Fedora Linux 37 entered end-of-life (EOL) status on None. Fedora Linux 37 is no longer maintained, which means that it will not receive any further security or bug fix updates. As a result we are closing this bug. If you can reproduce this bug against a currently maintained version of Fedora Linux please feel free to reopen this bug against that version. Note that the version field may be hidden. Click the "Show advanced fields" button if you do not see the version field. If you are unable to reopen this bug, please file a new report against an active release. Thank you for reporting this bug and we are sorry it could not be fixed.
I would like this bug fixed properly. dnssec-validation no; should be enough, if DNSSEC is responsible for the breakage. The problem is still present, right?
sorry, I didn't get to re-testing yet (and a catastrophic browser incident lost all my tabs, which I use as my todo list, so I forgot I was supposed to be doing it. :>) I would *guess* it is. I'll try and confirm soon.

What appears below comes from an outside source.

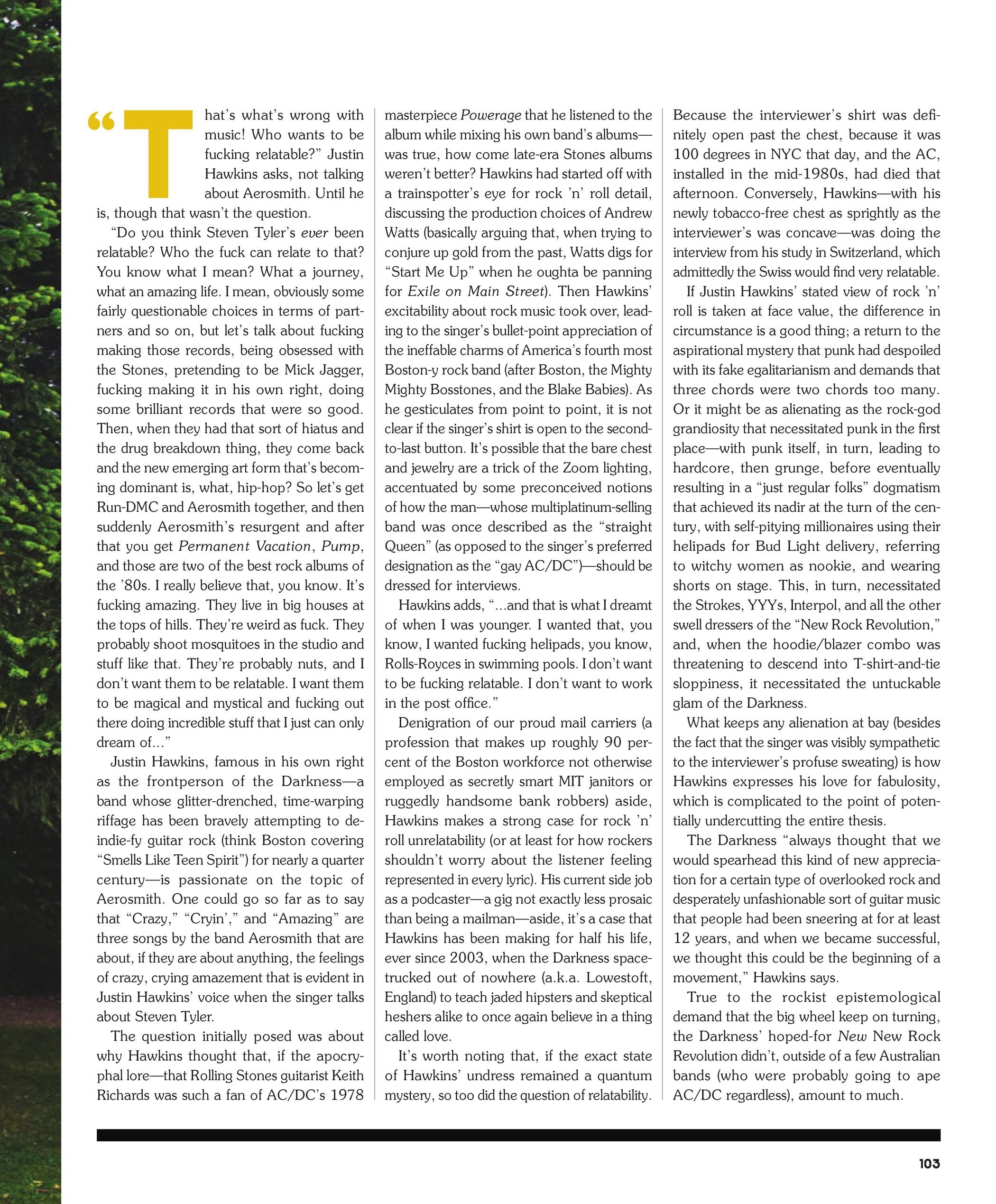 "That’s what’s wrong with music! Who wants to be fucking relatable?” Justin Hawkins asks, not talking about Aerosmith. Until he is, though that wasn’t the question.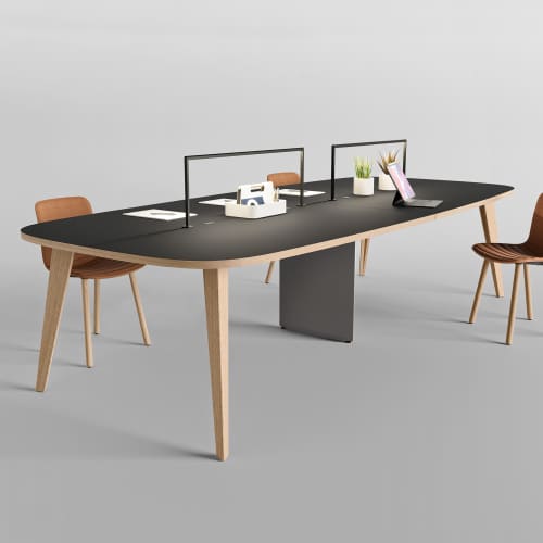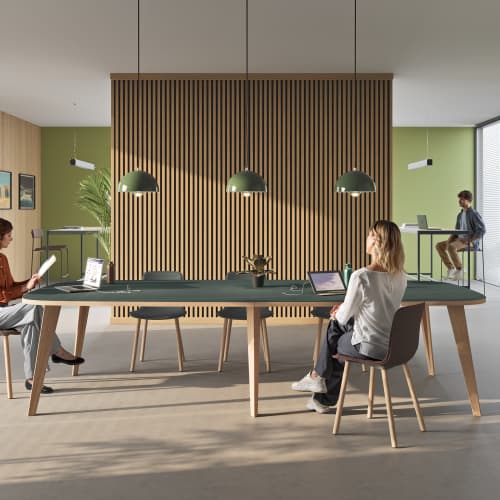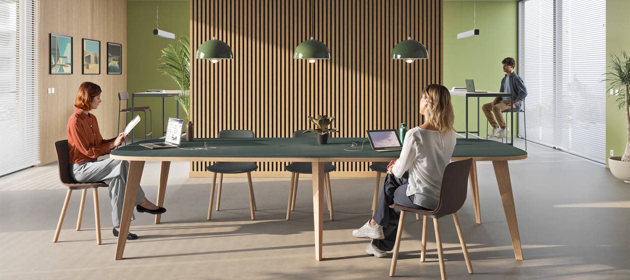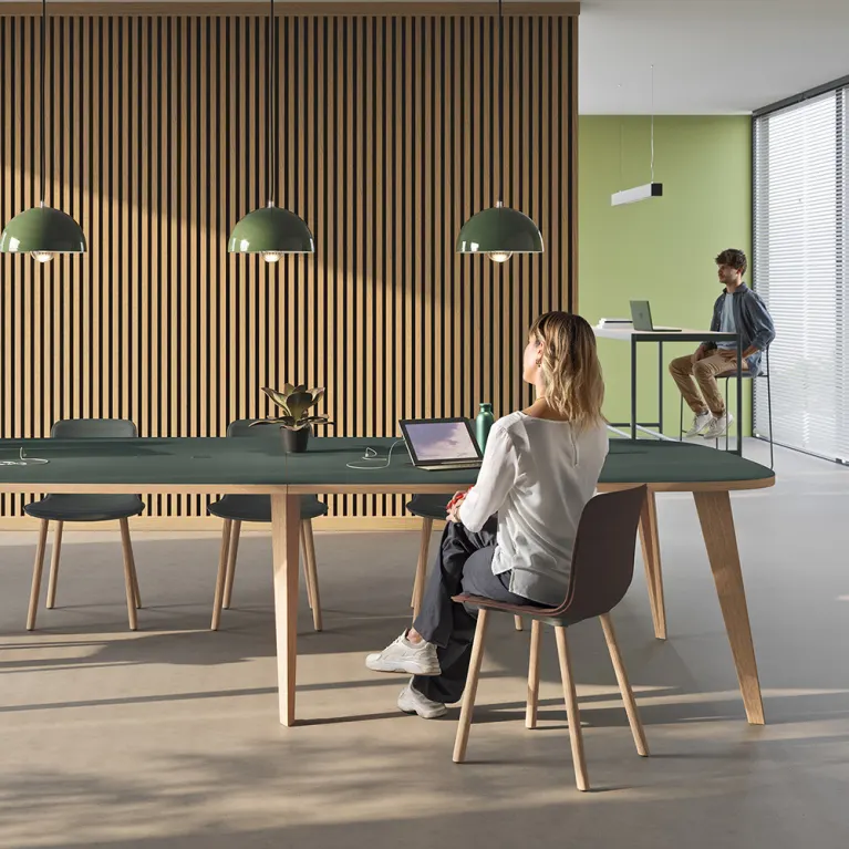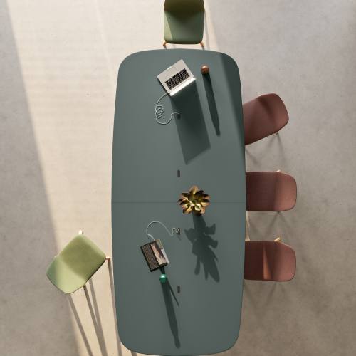 De Pigreco-collectie is ontworpen om verder te gaan dan de tweedeling van creativiteit vs. formaliteit. De trapeziumvormige werkbladen verbeteren bijvoorbeeld visuele ergonomie en bevorderen een natuurlijke positie gericht naar het midden, waardoor ze ideaal zijn voor zowel informele brainstorm-sessies als meer gestructureerde vergaderingen. In die zin is Pigreco een ongelooflijk veelzijdig systeem: het past perfect in zowel innovatieve co-working spaces als in vergaderruimtes die een balans vereisen tussen aanwezigheid en efficiëntie.

Fedora Linux 37 entered end-of-life (EOL) status on 2023-12-05. Fedora Linux 37 is no longer maintained, which means that it will not receive any further security or bug fix updates. As a result we are closing this bug. If you can reproduce this bug against a currently maintained version of Fedora Linux please feel free to reopen this bug against that version. Note that the version field may be hidden. Click the "Show advanced fields" button if you do not see the version field. If you are unable to reopen this bug, please file a new report against an active release. Thank you for reporting this bug and we are sorry it could not be fixed.